Il se plaît à souligner l'avancée de la démocratie multipartite — dans onze États sur cinquante trois —, l'explosion démographique — 62% des Africains ont moins de 25 ans —, la prodigieuse croissance économique — (4,7% en 2010 contre 1% pour la zone euro)—, le rôle capital de l'entreprenariat féminin... On comprend que l'essor de la téléphonie mobile et la révolution médiatique contribuent à la profonde transformation des économies et des sociétés africaines et les contraignent à plus de démocratisation. Leridon insiste sur le grand bouillonnement culturel et artistique qui modifie et métisse la conception occidentale de l'art contemporain.
L'auteur évoque un peu vite le poids de la pauvreté : quand 40% des Africains vivent avec moins d'un dollar par jour, 49 millions d'enfants, surtout des filles, ne sont pas scolarisés.

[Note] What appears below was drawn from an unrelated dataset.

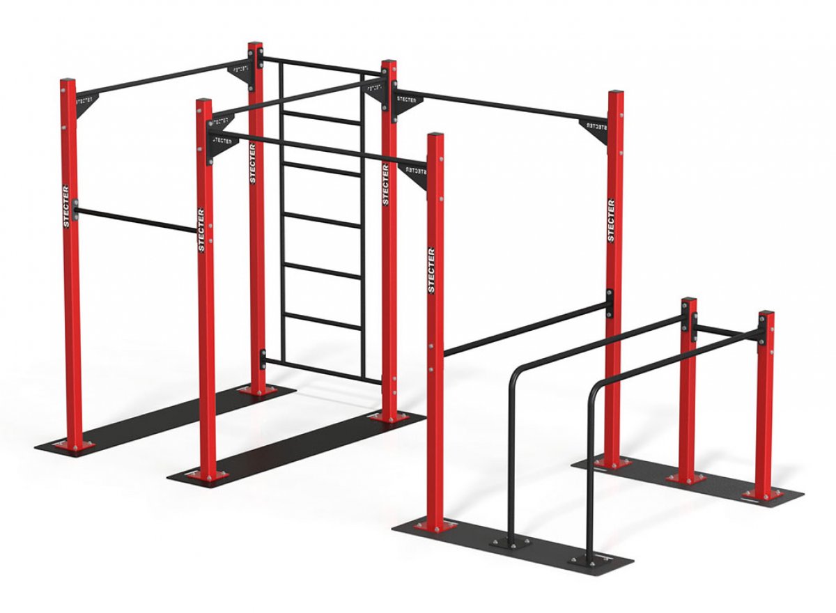 Все элементы спортивного комплекса покрыты атмосферостойким порошковым покрытием, которое защищает металл от коррозии и механических повреждений.

Il ne fait qu'une brève allusion à l'insuffisance de la législation du travail en Afrique ; aux conflits suscités par la présence chinoise alors que la concurrence des produits asiatiques, l'absence de transfert des technologies comme des compétences fait craindre le retour du néocolonialisme.

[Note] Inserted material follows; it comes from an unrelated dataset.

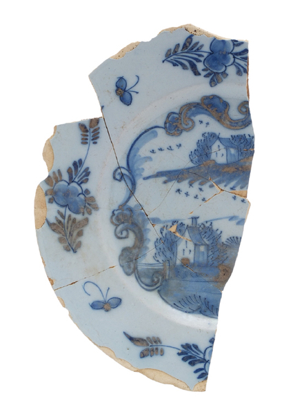 | 5c | spiegel: landschap met huisjes binnen omlijsting; vlag: floraal decor blauw |

Certes, d'autres ouvrages analysent en profondeur la situation de l'Afrique subsaharienne aujourd'hui. Néanmoins, si ce témoignage peine à convaincre, il vaut par sa sincérité. Aucune fatalité ne pèse sur le Continent Noir et l'auteur, passionné d'Afrique, espère nous en persuader; la préface de De Klerk confère à l'ensemble sa crédibilité.

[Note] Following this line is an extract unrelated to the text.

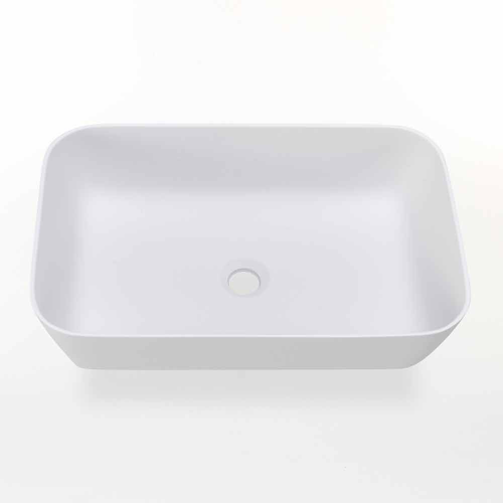Rechteckiges Aufsatzwaschbecken im modernen Stil, handgefertigt in Italien aus undurchsichtigem Harz.

D'autres voix encore devront se faire entendre pour transformer le regard occidental sur l'Afrique car, hélas, « il est plus facile de désintégrer l'atome que de vaincre un préjugé » (Einstein).

Matthias LERIDON : L'Afrique va bien. 10 chapitres à l'usage de ceux qui disent que l'Afrique ne s'en sortira jamais… Nouveaux Débats Publics, 2010, 203 pages.